• [The task]: Every record below should be transcribed exactly. Omit the images.

• [Records]:
##########

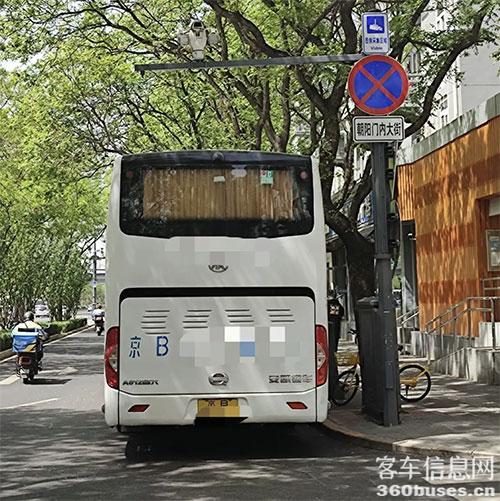 東四西大街與美術(shù)館東街交口處,有一個旅游大巴臨時停車點,是附近唯一合法??看蟀偷穆穫?cè)停車位。這里的秩序就和諧很多,京B號牌的大巴車可以在這里???0分鐘(以內(nèi)),上下客、隨即駛離。
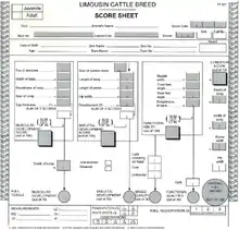 The qualifications RR and RRE are recorded with an animal's description in sales' catalogues and other promotional literature.[45] As a further aid to purchasers of French Limousin genetics, additional qualifications[46] provide a guide to the greatest likely production benefit based on an animal's genetics estimated from on-farm progeny testing. The qualifications are aligned with French market specifications for Limousin beef:[47]
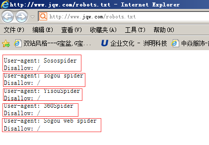二、我们再看看金泉网robots蜘蛛协议,robots地址:http://www.jqw.com/robots.txt 根据金泉网的蜘蛛协议发现,金泉网禁止搜搜、搜狗、宜搜、360搜索等蜘蛛的抓取,我并不知道金泉网为什么这么做,目前仅仅对百度搜索和google搜索开放抓取协议。
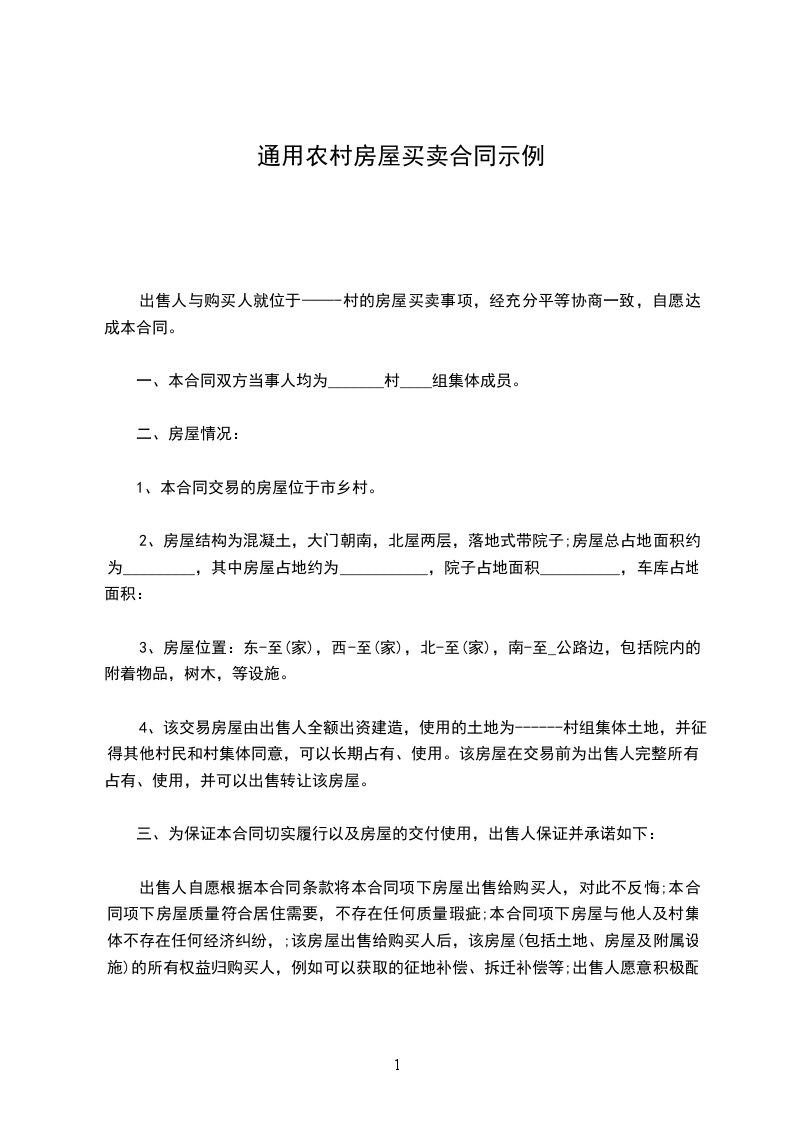 出售人与购买人就位于——-村的房屋买卖事项,经充分平等协商一致,自愿达成本合同。
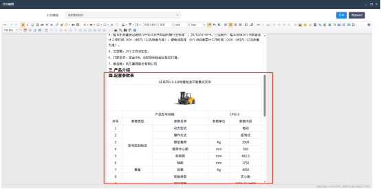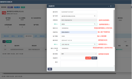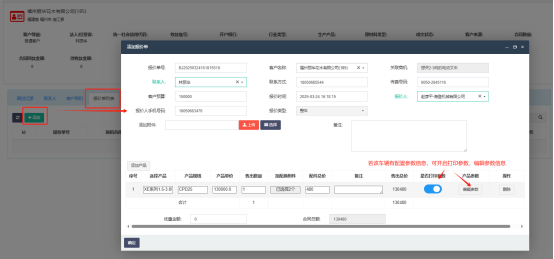 商机创建后,根据需要可以创建报价单。在客户画像中或客户关系管理中找到报价单管理,点击新增报价单,填写报价单信息,若报价类型为整车订单,且该整车产品有配置产品的参数信息,可开启参数表打印,在产品参数中点击编辑参数,选择对应配置自动更新参数,支持手动编辑,编辑完毕的参数表可在打印报价单时一同打印。
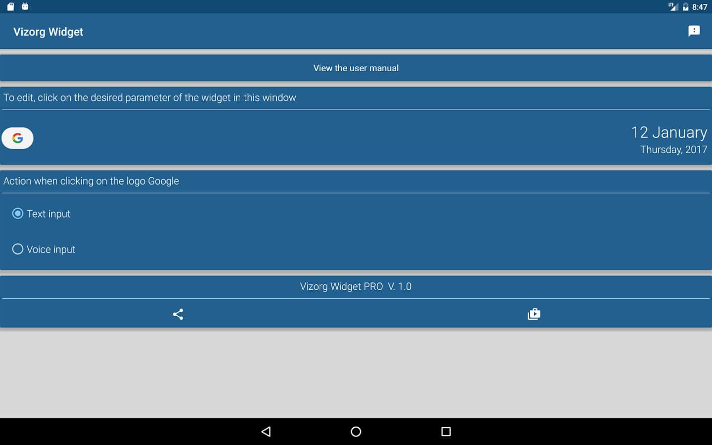 Vizorg Widget - отличный виджет на андроид устройство, которое имитирует стиль поискового виджета Pixel Launcher. Виджет отлично работает на разных лаунчерах и не возникнем ни каких проблем. Вы сможете полностью настроить стиль виджета, чтобы хоть немного иметь уникальный рабочий стол своего андроид девайса.
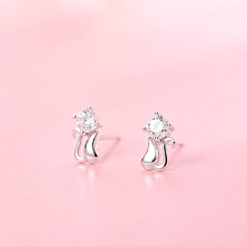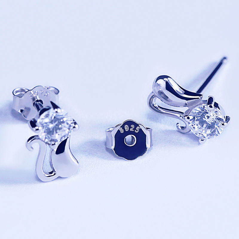 Model Number:OAE0063 of silver cat earring
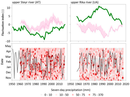 Fluctuations (top panels) and seasonality (bottom panels) of the winter maximum seven−day precipitation in the upper Steyr and the upper Rika catchments. Variability in maximum precipitation (pink band in left top panel) is plotted for all sub-catchments in the upper Steyr catchment. For Mizhhiria station in the upper Rika River (top right panel), the pink band indicates the variability between precipitation observations at three (Mizhhiria, Nyzhnii Studenyi, Verkhnii Bystryi) climate stations (Table 4). The green line indicates the fluctuation index of the winter floods (top panels). Bold lines (bottom panels) represent the season of the maximum precipitation in each year.
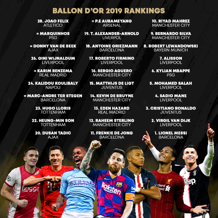 Ballon d'Or breakdown: Messi the winner, Van Dijk 2nd, Ronaldo 3rd and Mane 4th
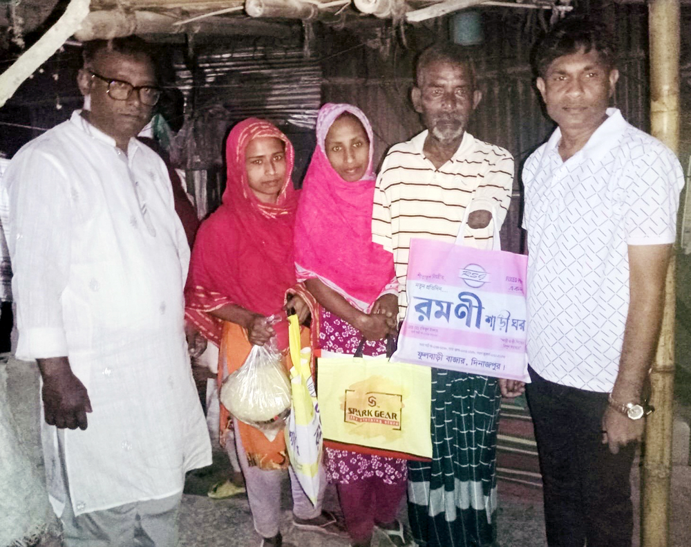 ওমরের অসহায় পরিবারের পাশে দীর্ঘদিন থেকে সহায়তার হাত বাড়িয়ে আসছে দেশ মা পরিবার। তারই ধারাবাহিকতায় রাতের আঁধারে ঈদের উপহার নিয়ে তার বাড়িতে হাজির হয় দৈনিক দেশ মা’র ভারপ্রাপ্ত সম্পাদক ও ফুলবাড়ী প্রেসক্লাবের সাধারণ সম্পাদক মো. ওয়াহিদুল ইসলাম ডিফেন্স, দৈনিক দেশ মা’র ব্যবস্থাপনা সম্পাদক আনন্দ কুমার গুপ্ত, সহ-সম্পাদক ও দৈনিক আজকের পত্রিকার ফুলবাড়ী প্রতিনিধি মেহেদি হাসান উজ্জ্বল ও দেশ মা’র অনলাইন ইনচার্জ ও দৈনিক আমার দেশ পত্রিকার ফুলবাড়ী প্রতিনিধি মোকাররম হোসেন।

##########

• [Answer for this exercise]:
 東四西大街與美術(shù)館東街交口處,有一個旅游大巴臨時停車點,是附近唯一合法??看蟀偷穆穫?cè)停車位。這里的秩序就和諧很多,京B號牌的大巴車可以在這里???0分鐘(以內(nèi)),上下客、隨即駛離。
 The qualifications RR and RRE are recorded with an animal's description in sales' catalogues and other promotional literature.[45] As a further aid to purchasers of French Limousin genetics, additional qualifications[46] provide a guide to the greatest likely production benefit based on an animal's genetics estimated from on-farm progeny testing. The qualifications are aligned with French market specifications for Limousin beef:[47]
二、我们再看看金泉网robots蜘蛛协议,robots地址:http://www.jqw.com/robots.txt 根据金泉网的蜘蛛协议发现,金泉网禁止搜搜、搜狗、宜搜、360搜索等蜘蛛的抓取,我并不知道金泉网为什么这么做,目前仅仅对百度搜索和google搜索开放抓取协议。
 出售人与购买人就位于——-村的房屋买卖事项,经充分平等协商一致,自愿达成本合同。
 商机创建后,根据需要可以创建报价单。在客户画像中或客户关系管理中找到报价单管理,点击新增报价单,填写报价单信息,若报价类型为整车订单,且该整车产品有配置产品的参数信息,可开启参数表打印,在产品参数中点击编辑参数,选择对应配置自动更新参数,支持手动编辑,编辑完毕的参数表可在打印报价单时一同打印。
 Vizorg Widget - отличный виджет на андроид устройство, которое имитирует стиль поискового виджета Pixel Launcher. Виджет отлично работает на разных лаунчерах и не возникнем ни каких проблем. Вы сможете полностью настроить стиль виджета, чтобы хоть немного иметь уникальный рабочий стол своего андроид девайса.
 Model Number:OAE0063 of silver cat earring
 Fluctuations (top panels) and seasonality (bottom panels) of the winter maximum seven−day precipitation in the upper Steyr and the upper Rika catchments. Variability in maximum precipitation (pink band in left top panel) is plotted for all sub-catchments in the upper Steyr catchment. For Mizhhiria station in the upper Rika River (top right panel), the pink band indicates the variability between precipitation observations at three (Mizhhiria, Nyzhnii Studenyi, Verkhnii Bystryi) climate stations (Table 4). The green line indicates the fluctuation index of the winter floods (top panels). Bold lines (bottom panels) represent the season of the maximum precipitation in each year.
 Ballon d'Or breakdown: Messi the winner, Van Dijk 2nd, Ronaldo 3rd and Mane 4th
 ওমরের অসহায় পরিবারের পাশে দীর্ঘদিন থেকে সহায়তার হাত বাড়িয়ে আসছে দেশ মা পরিবার। তারই ধারাবাহিকতায় রাতের আঁধারে ঈদের উপহার নিয়ে তার বাড়িতে হাজির হয় দৈনিক দেশ মা’র ভারপ্রাপ্ত সম্পাদক ও ফুলবাড়ী প্রেসক্লাবের সাধারণ সম্পাদক মো. ওয়াহিদুল ইসলাম ডিফেন্স, দৈনিক দেশ মা’র ব্যবস্থাপনা সম্পাদক আনন্দ কুমার গুপ্ত, সহ-সম্পাদক ও দৈনিক আজকের পত্রিকার ফুলবাড়ী প্রতিনিধি মেহেদি হাসান উজ্জ্বল ও দেশ মা’র অনলাইন ইনচার্জ ও দৈনিক আমার দেশ পত্রিকার ফুলবাড়ী প্রতিনিধি মোকাররম হোসেন।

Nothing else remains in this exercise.